Once we have a client, connected to the PostgreSQL server, we can get a BedquiltCollection object:

>>> people = client['people']

Lets put some people documents in our collection:

>>> sarah = {
...    '_id': "sarah@example.com",
...    'name': "Sarah Jones",
...    'age': 27,
...    'city': "Edinburgh",
...    'likes': ["icecream", "code", "tigers"]
... }
>>> dave = {
...    'name': "Dave",
...    'age': 40,
...    'city': "London",
...    'likes': ["code", "puppies", "knitting"]
... }
>>> elaine = {
...    'name': "Elaine",
...    'age': 36,
...    'city': "Edinburgh",
...    'likes': ["board games", "cider", "owls"]
... }
>>> people.insert(sarah)
'sarah@example.com'
>>> people.insert(dave)
'99a5cb8648566901436e2967'
>>> people.insert(elaine)
'cabb5c9f6a55ecdebbc42c69'

As you can see, we can insert any python dictionary which can be serialized to JSON. When we insert a document (or dict, if you prefer), the insert method returns the _id field of the document. If the document does not have an _id key already, a random one will be generated on the server. The _id field must be unique for all documents in the collection.

Adding Constraints

Right now our people collection is completely un-structured. The insert function will accept a document of any structure and happily add it to the collection, even if it doesn't make sense to do so. For example, we could add an blog-post to the people collection like this:

>>> people.insert({
...    '_id': 'a-cool-article',
...    'title': 'A Cool Article',
...    'content': '...',
...    'tags': ['coolness', 'awesome']
... })

Or, we could do something silly and insert a document which looks like a person, but is still wrong:

>>> people.insert({
...    'name': None,
...    'age': 'Elaine',
...    'city': ["board games", "cider", "owls"],
...    'lol': 'wtf',
...    'likes': {
...        'street': 'Mill Lane',
...        'city': None
...    }
... })

Many NoSQL databases behave in the same way. On the one hand, this makes it easy to work with loosely structured data. On the other hand, it makes it too easy to add bad data to the collection, which can be very difficult to deal with later on.

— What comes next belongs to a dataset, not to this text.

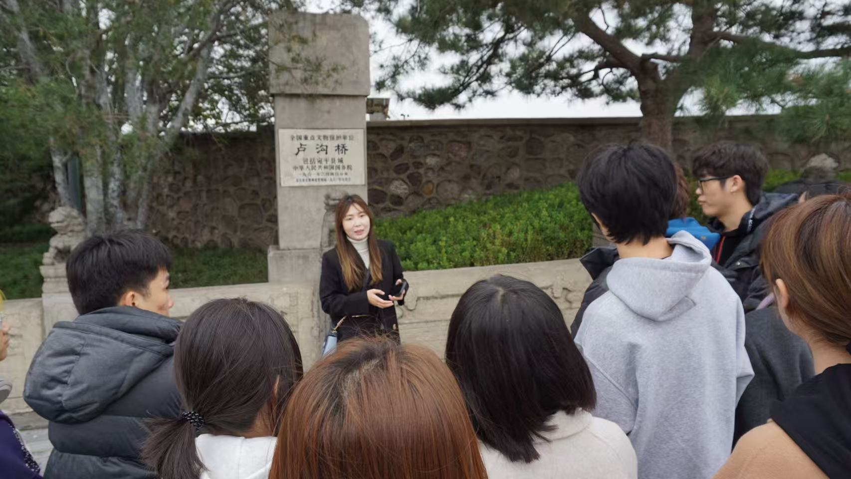 随后,师生一行前往卢沟桥开展实地教学。青石桥面被岁月打磨,桥上石狮静静伫立,仿佛仍在诉说枪声惊天的那个夜晚。面对滔滔永定河水,张瑜带领学生回溯卢沟桥事变的历史节点,感悟民族危亡时刻无数青年挺身而出的英勇气概。许多同学在石碑前默默驻足,眼中闪烁着沉思与敬意。

With BedquiltDB we can add constraints to collections, which allow us to specify a set of checks to be performed on incoming data. If any of the checks fail then the document will be rejected and not saved to the collection.

Lets add some constraints to our people collection:

>>> people.add_constraints({
...     'name': {'$required': 1,
...              '$notnull': 1,
...              '$type': 'string'},
...     'age': {'$required': 1,
...             '$type': 'number'},
...     'city': {'$type': 'string'},
...     'likes': {'$required': 1,
...               '$type': 'array'}
... })

Now, when we try to insert garbage data into the people collection, the bad data will be rejected, and an exception raised to tell us about how silly we've been.

Finding Data

With a few documents in our people collection, we can then query the collection and see what comes back:

>>> people.find({'city': "Edinburgh"})
<pybedquilt.core.BedquiltCursor at 0x1038b7690>

The find method returns a BedquiltCursor, an object which represents a stream of results coming from the server. The cursor is lazy, so no results are fetched from the server until we ask for them, by consuming the cursor. Let's use the python list function on the cursor and see what happens:

>>> list( people.find({'city': "Edinburgh"}) )
[{'_id': 'sarah@example.com', ....}, {'_id': 'cabb5c9f6a55ecdebbc42c69', ...}]
>>> list( people.find({'city': {'$noteq': 'Glasgow'}}))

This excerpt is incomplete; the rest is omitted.